----- Data provided -----
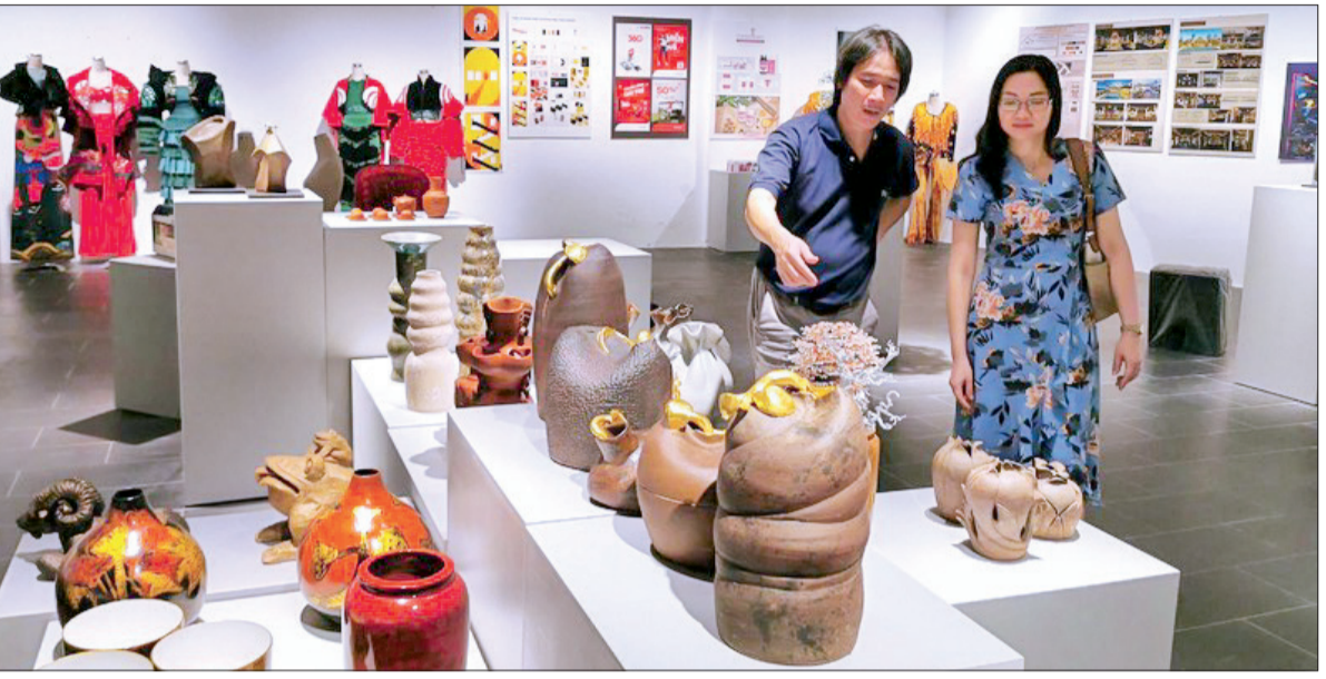
Ban tổ chức kiểm tra công tác trưng bày các tác phẩm tại triển lãm.

(nhandan.vn) Cuộc thi và triển lãm mỹ thuật ứng dụng toàn quốc lần thứ 5 sẽ là dịp để công chúng chiêm ngưỡng sự đa dạng của các chất liệu, sự phong phú trong tạo hình, thiết kế sản phẩm, là dịp để các nhà thiết kế, nghệ sĩ, nghệ nhân kết nối với các doanh nghiệp, thúc đẩy sản xuất, tiêu thụ sản phẩm mỹ thuật ứng dụng trong nước và quốc tế.
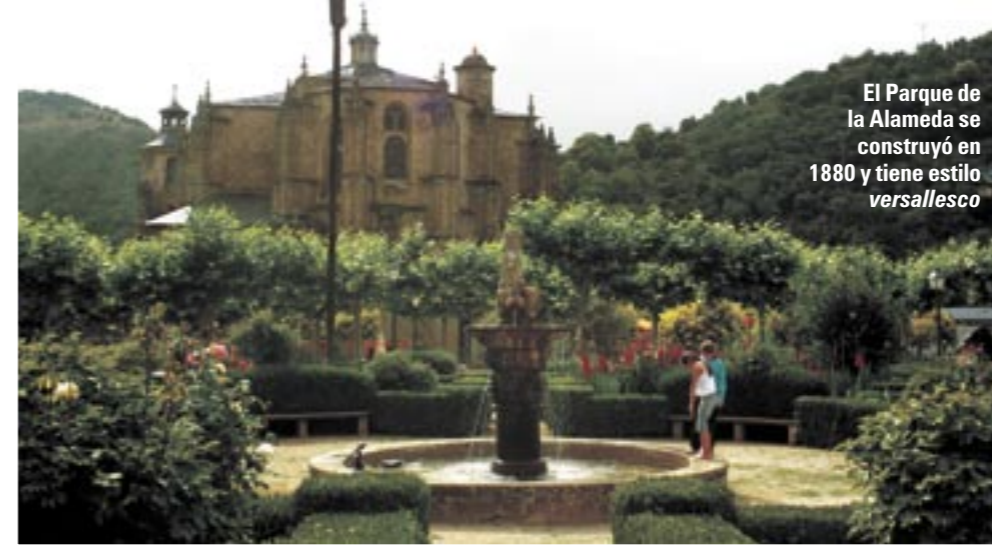
El Parque de la Alameda se construyó en 1880 y tiene estilo versallesco
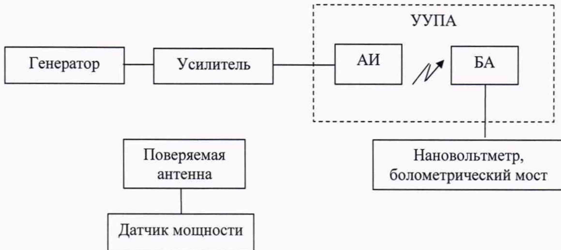
Схема измерений приведена на рисунке 1.

9.2.1 Погрешность коэффициента калибровки антенн, входящих в состав комплекта EMCO 3121D, определяют методом замещения поверяемой антенны эталонной антенной БА из состава установки УЭПЭ-БА.
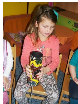
↑ Hromový bubínek ↓ Velká dešťová hůl
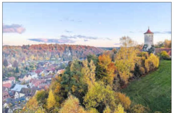
4. Platz: „Farbenfroher Beutel“ Timmy Hohnecker aus München
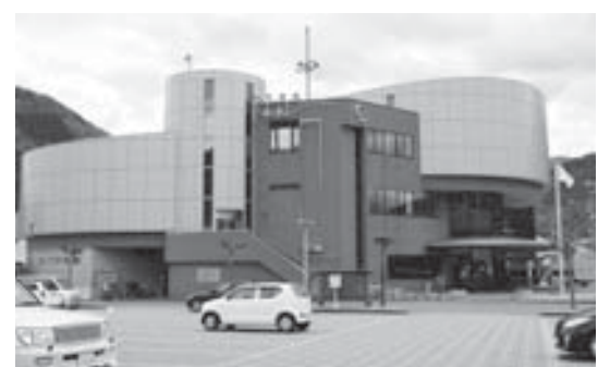
増築が予定されている三加茂庁舎

場所へ庁舎を増築するのはいかげなものかと思う。増築には合併特別債を充て、有効期限は平成32年度を期限として事業を実施することだ
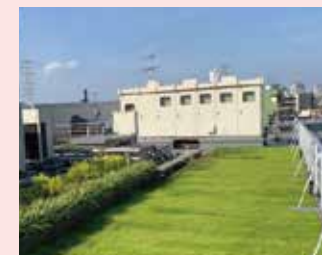
病院屋上での緑化整備(鶴見区)
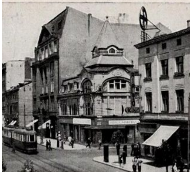
Ecke Adolf-Hitler- und Meisterhaus-Straße
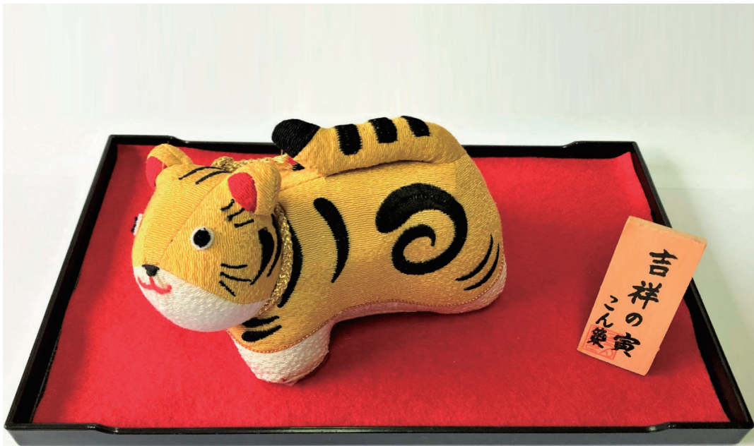
なでしこの会の作品「吉祥の寅」

新年明けましておめでとうございませう。 会員の皆様におかれましては、ご家族お揃いで佳き新春をお迎えのことと心からお慶び申し上げます。
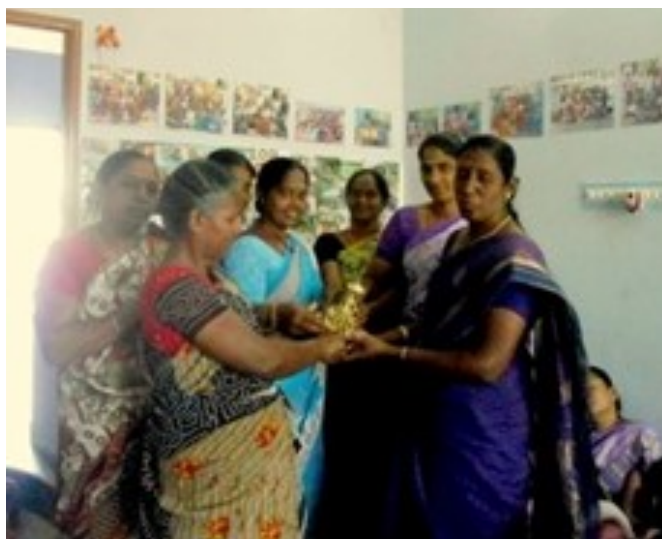
Les filleules se sont cotisées pour offrir un cadeau à celles qui ont quitté l'association

L'antenne d' Antsirabe a vu des parrainages supplémentaires portant à 48 le nombre de familles, soit 7 de plus que l'année dernière.
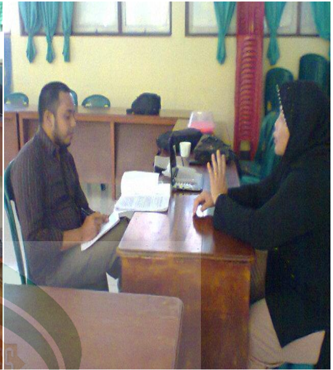
foto wawancara guru PAI, tanggal 24 Februari 2012
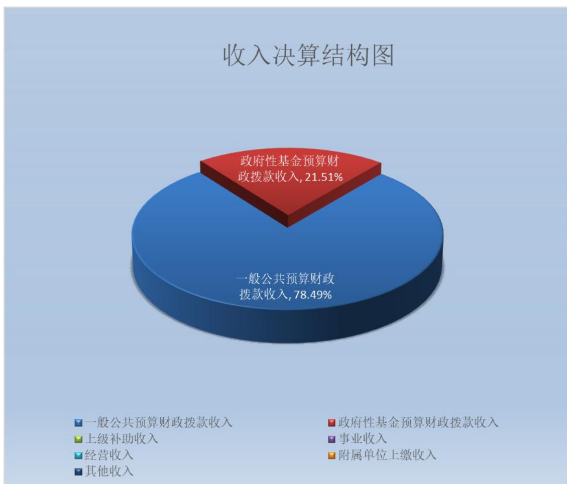
(图 2: 收入决算结构图) (饼状图)

预算财政拨款收入 3913.23 万元，占 78.5%；政府性基金预算财政拨款收入 1072.21 万元，占 21.5%；国有资本经营预算财政拨款收入 0 万元，占 0%；上级补助收入 0 万元，占 0%；事业收入 0 万元，占 0%；经营收入 0 万元，占 0%；附属单位上缴收入 0 万元，占 0%；其他收入 0 万元，占 0%。
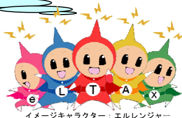
イメージキャラクター：エルレンジャー

税理士による代理申告の場合、納税者（法人の代表者等） 本人の電子証明書が不要になりました。
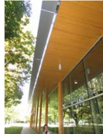
13) 庇 CLT
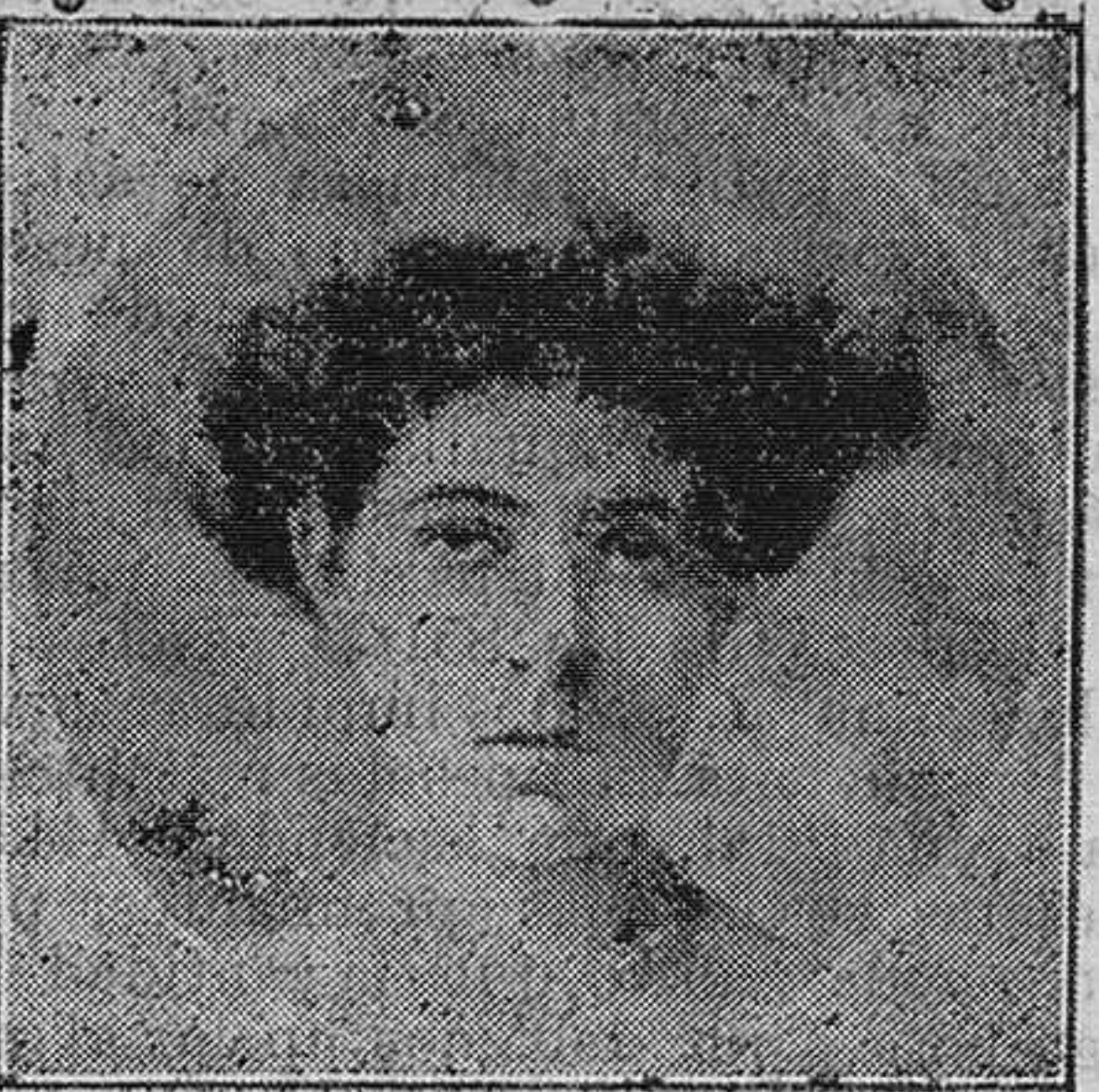
La Princesa Zita

Algunos periódicos muy bien informados de Austria y de Hungría dicen que el príncipe heredero Franz-Ferdinand, teniendo en cuenta estas circunstancias y no pudiendo compartir el trono de Austria con su esposa, la duquesa de Hohenberg, cederá, cuando el momento llegue, su puesto al archiduque Carl Franz-Josef. Por la misma razón, la Prensa austro-húngara saluda como futura emperatriz de Austria y reina de Hungría á la princesa Zita, cuya fotografía se puede ver en todos los escaparates de las tiendas de Viena y es reproducida por todos los periódicos y revistas de Viena y Budapest. La princesa Zita de Parma, que es una bellísima mujer, se parece mucho á la malograda emperatriz Isabel, desde cuya muerte las pocas fiestas que se han celebrado en la Corte de Austria no han revistido—por razones que el lector comprenderá—la esplendor que los vieneses estaban acostumbrados.
-----
Excerpt from the records above: set down only the lines from the one that contains "9.2.1 Погрешность коэффициента" through the one that contains "病院屋上での緑化整備(鶴見区)", inclusive, word for word. Pictures stay out.

◆ Solution ◆
9.2.1 Погрешность коэффициента калибровки антенн, входящих в состав комплекта EMCO 3121D, определяют методом замещения поверяемой антенны эталонной антенной БА из состава установки УЭПЭ-БА.
↑ Hromový bubínek ↓ Velká dešťová hůl
4. Platz: „Farbenfroher Beutel“ Timmy Hohnecker aus München
増築が予定されている三加茂庁舎

場所へ庁舎を増築するのはいかげなものかと思う。増築には合併特別債を充て、有効期限は平成32年度を期限として事業を実施することだ
病院屋上での緑化整備(鶴見区)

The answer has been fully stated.